God uses periods of singleness to fortify our trust in him. He wants to see if you are going to trust Him, even when you don't understand why He's doing things the way He is. Someone can't be patient with God if He always provides everything you desire immediately after you ask.
God may be extending this time when you are not in a covenant relationship with someone else because he wants to strengthen the bond you have with him. He wants you to trust him more. Cry out to him, and watch him provide for you in unexpected ways.
Here it is: Marriage is good, but singleness is better. Many might disagree, but the Apostle Paul asserts, “So then he who marries his betrothed does well, and he who refrains from marriage will do even better” (1 Cor. 7:38).
The answer: singleness is the God-given opportunity to serve and wait in single-minded readiness whilst the present form of the world is passing away. It is a station in life that is gifted for a person for that particular day, and whilst a Christian is single, they are blessed to be so.
What does God say about restoring relationships? If you are asking yourself “Does God bring couples back together?” Then I can confidently say “yes”. However, only as long as the relationship is according to His purpose for your life.
If your boyfriend crosses your boundaries every time and it makes you feel uncomfortable, then that is how you know when God is telling you to let go of someone. A relationship in which you repeatedly feel disrespected, bad about yourself, or can't be authentic is not a healthy relationship.
Psalm 34:18
“The Lord is close to the brokenhearted and saves those who are crushed in spirit.” The Good News: Though you may feel defeated, God is closer than you realize. He is always with you and can heal your heart.
Now to the unmarried and the widows I say: It is good for them to stay unmarried, as I am. But if they cannot control themselves, they should marry, for it is better to marry than to burn with passion.

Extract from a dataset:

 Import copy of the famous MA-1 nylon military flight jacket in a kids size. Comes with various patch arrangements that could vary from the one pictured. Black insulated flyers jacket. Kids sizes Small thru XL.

Adults who are single may feel sadness, grief, regret, and ambivalence about unviable potential mates. In addition, unviable potential partners may become idealized with time and take the place of the anticipated spouse, setting a standard that new and viable potential partners can't meet.
Maybe someone has encouraged you to “trust God in your singleness,” but you are unsure what that actually means. Though singleness can be hard, you can trust God in your singleness by remembering your true calling, surrendering control to God, and considering God's character.

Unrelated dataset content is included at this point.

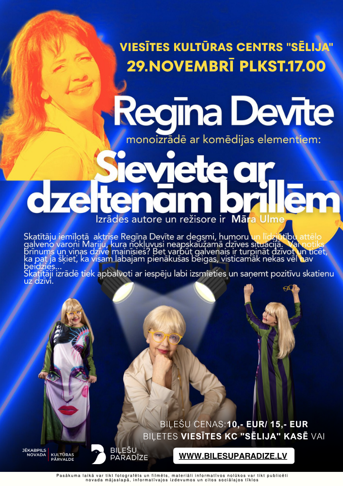 29.11. plkst.17.00 Viesītes kultūras centrā “Sēlija” viesosies REGĪNA DEVĪTE monoizrādē ar komēdijas elementiem “SEVIETE AR DZELTENĀM BRILLĒM”

In fact, research shows people are staying single for longer and settling down older, and some are choosing to be that way forever. Singledom shouldn't be regarded as anything to be pitied — it should be embraced. Especially as there are numerous mental and physical benefits to being on your own.
Whereas in Genesis 2 God observes, “It is not good that the man should be alone” (Genesis 2:18), Paul tells the unmarried and the widows that “it is good for them to remain single, as I am” (1 Corinthians 7:8). Paul, when looking at the new-covenant community, doesn't see marriage-lessness as a curse, but as a gift.
You haven't met the right person.
According to clinical psychologist Carla Marie Manly, Ph. D., sometimes people remain single longer than they might want to be because they simply haven't met the right person yet. "Despite the quest to be partnered, some people find that they can't find the right fit," she tells mbg.
This “not yet” could mean God will tell you to say “yes” to this opportunity one day or it could mean God is going to lead you to say “no” to this relationship opportunity. But at this point God has you in a season where no action is required because you need more direction from the Lord first.
Feelings of loneliness, including romantic loneliness, can have a serious impact on health and well-being. Feeling isolated, unsupported, and lonely is linked to decreased immunity, worse sleep, lower cardiovascular health, and increased mental health problems.
It can be said, given that being single causes depression, anxiety and a reduced will to live. According to the Health and Human Services Report, people in a relationship are much more likely to be happier and have higher immunity against mental health problems.
Simply put, as humans we need and we thrive from connection. Some people can experience feelings of loneliness or anxiety in the absence of having a sense of love and belonging which can, in turn, create pressure to be in a relationship. This pressure can lead to unhelpful negative biases about being single.
You Strengthen Other Relationships
Your partner may have different preferences for socializing or they may not like your friends. As a matter of fact, most couples only hang out with other couples. Being single is okay and in fact a blessing because you can invest time in quality friendships that'll last a lifetime.
1 Peter 4:8. "Above all, keep loving one another earnestly, since love covers a multitude of sins." The Good News: Love each other honestly and earnestly, even when you hate them most. Forgiveness is key, and then your love will shine brightest in the darkest moments in your relationship.
When there is mutual interest, mutual commitment, and a mutual willingness to move the relationship forward at a healthy pace, these are strong indications God does want you with this person. Relationships are a unique place in life where the spiritual and practical combine and are constantly intermingling.
One possibility is that God is actually removing these feelings, it's just taking longer than you want it to. Just like physical pain because of a broken bone, the pain will go away one day but it will take a long time because there are things that need to heal and mend before those feelings can go away.
God loves broken people. And when weary, wounded men and women find a way to open their bruised hearts and somehow welcome Him into their personal darkness, they will find a love beyond anything they have ever known.